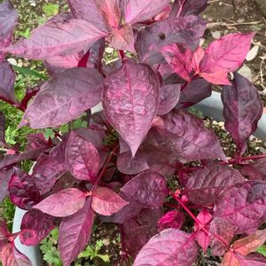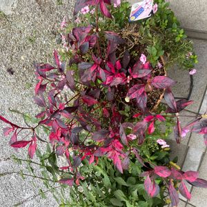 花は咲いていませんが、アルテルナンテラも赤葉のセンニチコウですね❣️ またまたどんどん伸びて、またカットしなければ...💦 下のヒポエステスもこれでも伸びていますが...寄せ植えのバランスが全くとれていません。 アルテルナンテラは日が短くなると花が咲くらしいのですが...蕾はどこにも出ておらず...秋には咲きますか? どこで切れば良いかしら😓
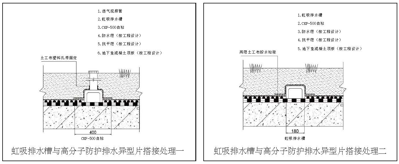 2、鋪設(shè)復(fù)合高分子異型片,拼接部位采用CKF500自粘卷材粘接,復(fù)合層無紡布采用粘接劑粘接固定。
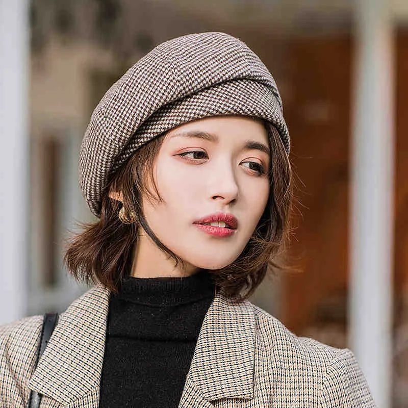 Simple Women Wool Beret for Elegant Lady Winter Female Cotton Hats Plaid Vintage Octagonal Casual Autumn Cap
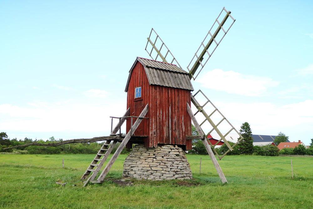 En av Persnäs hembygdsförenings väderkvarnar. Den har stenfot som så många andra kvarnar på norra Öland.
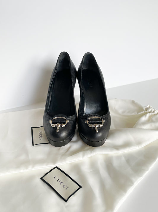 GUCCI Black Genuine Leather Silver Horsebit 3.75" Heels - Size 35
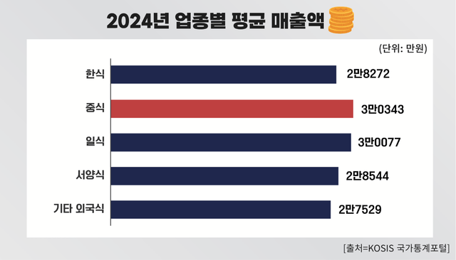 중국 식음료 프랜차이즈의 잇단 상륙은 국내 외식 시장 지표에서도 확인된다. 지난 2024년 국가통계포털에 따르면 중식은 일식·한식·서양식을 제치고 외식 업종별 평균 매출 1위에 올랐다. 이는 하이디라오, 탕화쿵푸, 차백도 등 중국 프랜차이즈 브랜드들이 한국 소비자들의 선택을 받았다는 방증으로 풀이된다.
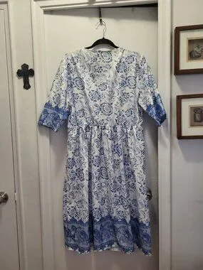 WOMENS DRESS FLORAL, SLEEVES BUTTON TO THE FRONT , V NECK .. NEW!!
*-*-*
= TASK STATEMENT =
Starting with the line that contains "GUCCI Black Genuine", repeat each line exactly through the last line of the data above, and nothing more; the pictures stay out.

= ANSWER TO THE EXERCISE =
 GUCCI Black Genuine Leather Silver Horsebit 3.75" Heels - Size 35
 중국 식음료 프랜차이즈의 잇단 상륙은 국내 외식 시장 지표에서도 확인된다. 지난 2024년 국가통계포털에 따르면 중식은 일식·한식·서양식을 제치고 외식 업종별 평균 매출 1위에 올랐다. 이는 하이디라오, 탕화쿵푸, 차백도 등 중국 프랜차이즈 브랜드들이 한국 소비자들의 선택을 받았다는 방증으로 풀이된다.
 WOMENS DRESS FLORAL, SLEEVES BUTTON TO THE FRONT , V NECK .. NEW!!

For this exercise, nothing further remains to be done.